◆ **REQUIRED ACTION**
Which lines belong in your copy? Those from the start of the data through the line with "Sa tétine de", exactly as written, without any pictures.
BEGIN DATA SEGMENT
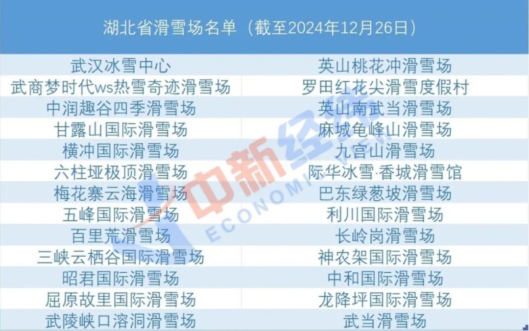 另据湖北省文化和旅游厅2024年12月26日发布的消息,目前湖北省26座滑雪场已全部开板。
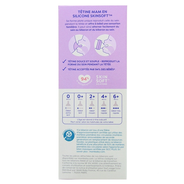 Sa tétine de débit moyen en silicone ultra-douce comme la peau de la maman permet au bébé de 2 mois et plus de reconnaitre la tétine instinctivement. De plus sa forme plate reproduit la forme du mamelon pendant la tétée.
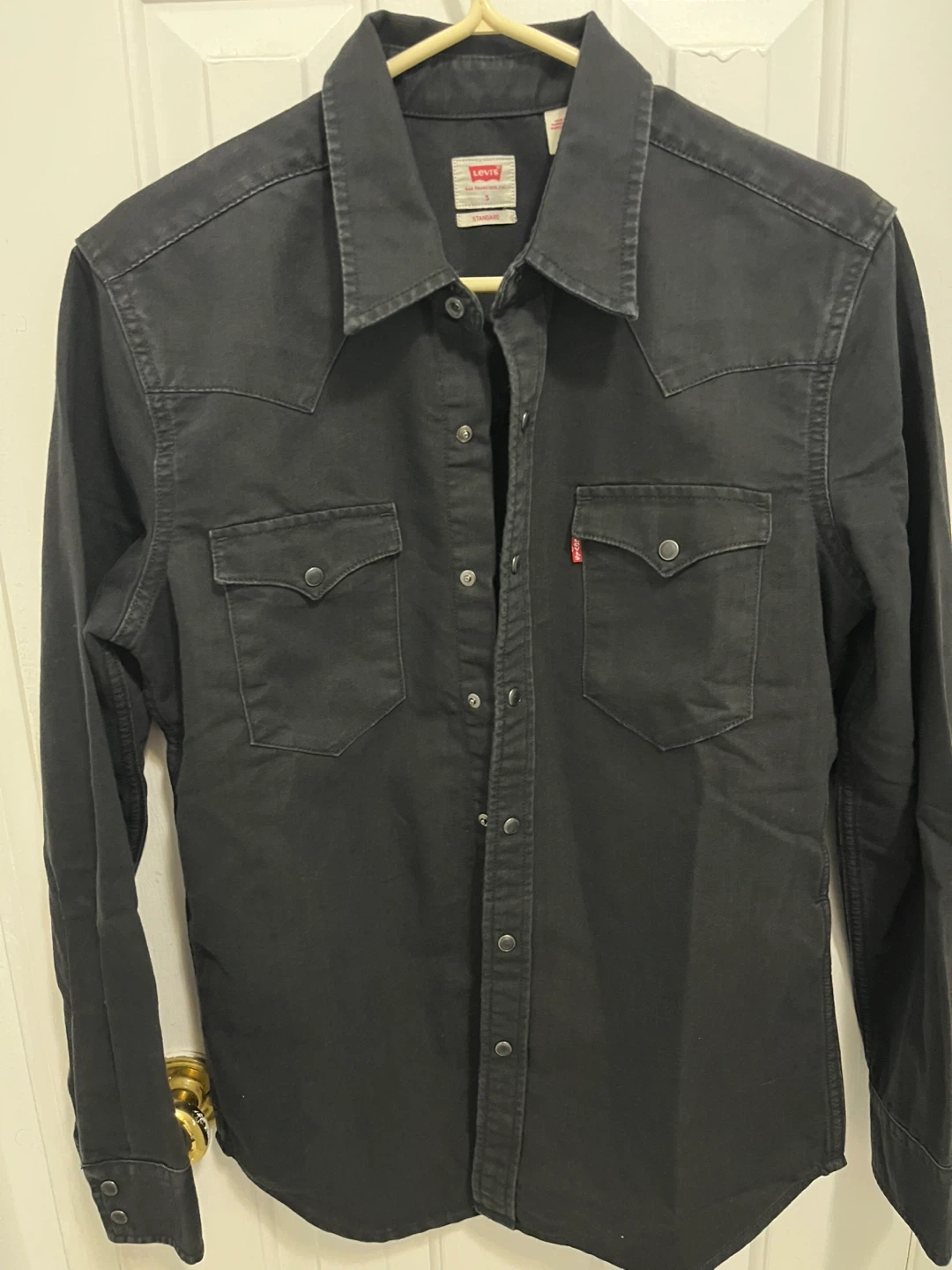 50Levi's Western Shirt in size small! This classic shirt features a stylish design with two chest pockets and a button-down front. Retail for $ 79.00. New shirt. A great addition to any wardrobe! Pick up from Maple Vaughan. Major intersection keele and Rutherford. Near Rutherford go station
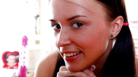 Excellent dark hair teen Zoya in uniform outfit denudes tiny tits and toys her cunt
END DATA SEGMENT
◆ **EXPECTED ANSWER**
 另据湖北省文化和旅游厅2024年12月26日发布的消息,目前湖北省26座滑雪场已全部开板。
 Sa tétine de débit moyen en silicone ultra-douce comme la peau de la maman permet au bébé de 2 mois et plus de reconnaitre la tétine instinctivement. De plus sa forme plate reproduit la forme du mamelon pendant la tétée.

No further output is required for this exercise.